Podany przykład obrazuje podejście do innowacji opisany w filozofii „kaizen” – ciągłego doskonalenia. Toyota głosi, że stałe rozwiązywanie bieżących problemów to sposób na to, by organizacja mogła się uczyć i rozwijać. Na fundamentalne zasady, którymi kieruje się firma, składają się:
- osobiste zaangażowanie każdego uczestnika organizacji,
- podejmowanie przemyślanych decyzji i szybkie ich wdrażanie
- koncepcja ciągłej poprawy.
Filozofia Toyoty zakłada więc z jednej strony profesjonalizm i podwyższanie kompetencji, z drugiej – konsensus i refleksję[2].
Przełomowo, czyli szybko?
Druga z koncepcji, idea innowacji przełomowych, wprowadzona przez Claytona M. Christensen’a w 1995 roku została uznana za jedną z najbardziej kluczowych koncepcji zarządzania XXI wieku. Zakłada ona wykorzystanie pojawiających się technologii do tworzenia nowych rozwiązań, które otwierają, tworzą nowe rynki. Często dzieje się to kosztem istniejących sektorów.

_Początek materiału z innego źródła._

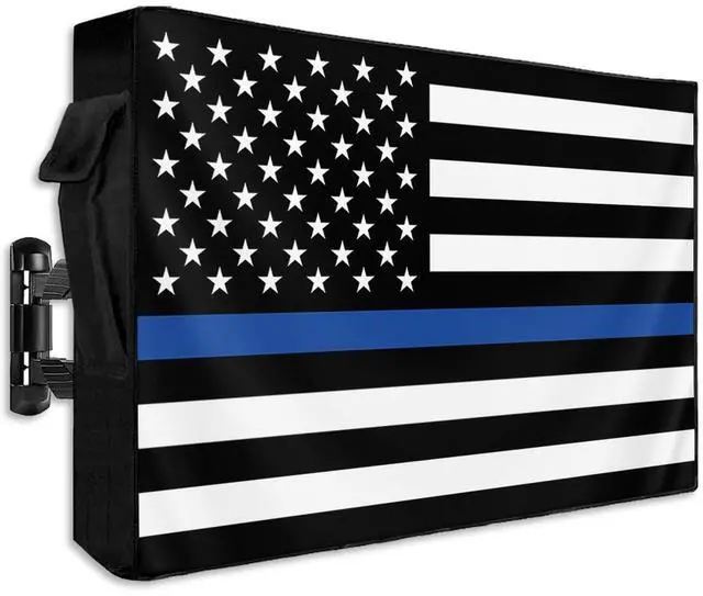 LBCASA American Flag Outdoor TV Cover 40 to 43 Inch Weatherproof, US Flag 600D Oxford TV Covers with Waterproof Zipper, Blue Black Stripes Outside Flat TV Screen Protector Size 40" W x 25" H x 4.5" D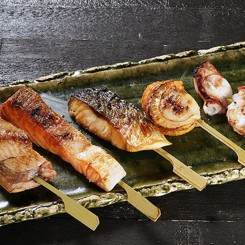 【炉端焼き-魚貝-】名物!魚貝串5種盛合せ・真ほっけ・帆立貝・鮭ハラス・本ししゃも・氷下魚・きんき・つぶ貝・厚岸産牡蠣・いか一夜干しなど【炉端焼き-肉ー】浜中黒牛リブロース・知床どりもも・北海道産ポークロースなど、その他日々おすすめ商品もございます。<各商品詳細はメニューページをご覧ください>

Najbardziej znane przełomowe innowacje wskazane przez C. M. Christensen’a to fotografa cyfrowa, telegraf, film, bankowość internetowa, druk cyfrowy, telefonia mobilna, Internet, komputer itp. Dziś za technologię, która zmienia i będzie zmieniać w przyszłości całe rynki uznawana jest wirtualna rzeczywistość, sztuczna inteligencja, druk 3D, robotyka, nanotechnologie i wiele innych[3].

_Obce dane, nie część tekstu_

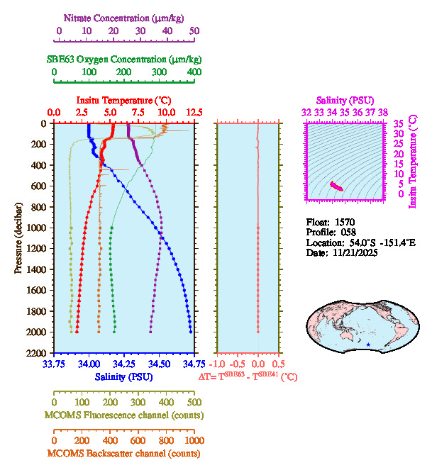 Temperature & Salinity Profiles for Float 1570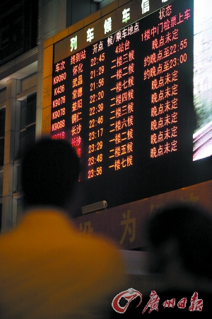 昨晚9時經(jīng)緊急搶修中斷行車3小時的京廣線重新恢復通車。受此影響,當晚7時后從廣州火車站發(fā)出的列車出現(xiàn)晚點,滯留旅客一度擠滿候車大廳。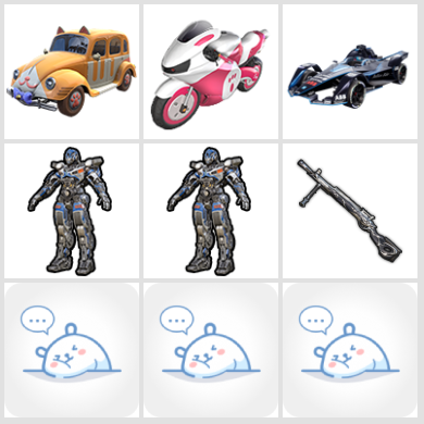 适配系统:安卓 特效枪数量:1 维权率限制:66 账号类型(腾讯):QQ 载具皮肤:3 分销起租时长:1 套装数量:81 粉色时装数:1 枪皮数量:78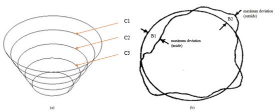 Throughout the depth of the cone, circularity errors were estimated at three different levels. The CMM was used to measure the coordinates of 30 points along a circular path in the XY-plane while maintaining a constant probe height in the z-direction. The process was repeated at locations C1, C2, and C3, as shown in Figure 2a. A typical circularity error test exhibited a circular deviation, as shown in Figure 2b. For each level of measurement (C1, C2, and C3), a circle was fitted using the least squares method and the maximum radial deviations (inside and outside the fitted circle) were recorded (B1 and B2). Based on ISO 230 4:2005(E) [23], the circular deviation was calculated as the maximum radial separation between two concentric circles enclosing the actual path. The circularity error was calculated as the sum of the two deviations, B1 and B2.

Znakiem rozpoznawczym przełomowej innowacji jest fakt, że początkowo nie ma ona szerokiej akceptacji, ale po przekroczeniu pewnego progu, czasem określanego w zarządzaniu jako „masa krytyczna” rozpoczyna się rozwój w tempie wykładniczym. Na przykład pierwsza karta pocztowa była wysłana w 1871 roku, a zaledwie dwa lata później wysłano ich już ponad 72 miliony. W 1896 roku wyświetlono pierwszy film dla publiczności, a już w 1910 roku wyświetlano ich ponad 200 – prawie jeden tygodniowo. To samo dotyczy telefonu komórkowego, telewizji cyfrowej, poczty elektronicznej itp[4].
Dwie drogi, cel jeden
Między 1956 a 1981 rokiem upadły 24 firmy, które znajdowały się na liście Fortune 500. W latach 1982 – 2006 było ich już średnio 40 rocznie. Swoją pozycję stracili m. in. tacy potentaci jak Nokia, Zynga, BlackBerry. Obecnie, jak podaje Babson’s Ilin Graduate School of Business, do roku 2020 z rynku zniknie 40% firm notowanych dzisiaj na liście Fortune 500[5].
Oczywiście w miejsce upadających pojawią się nowe. Kluczowym zdaje się być pytanie, kto w takim razie upadnie, a kto przetrwa? Krótka analiza dwóch dróg dojścia pokazuje dość oczywisty wniosek, że szansę przetrwania mają Ci, którzy albo są w stanie się dostosować (kaizen) albo wyprzedzać zmiany (przełomowe innowacje).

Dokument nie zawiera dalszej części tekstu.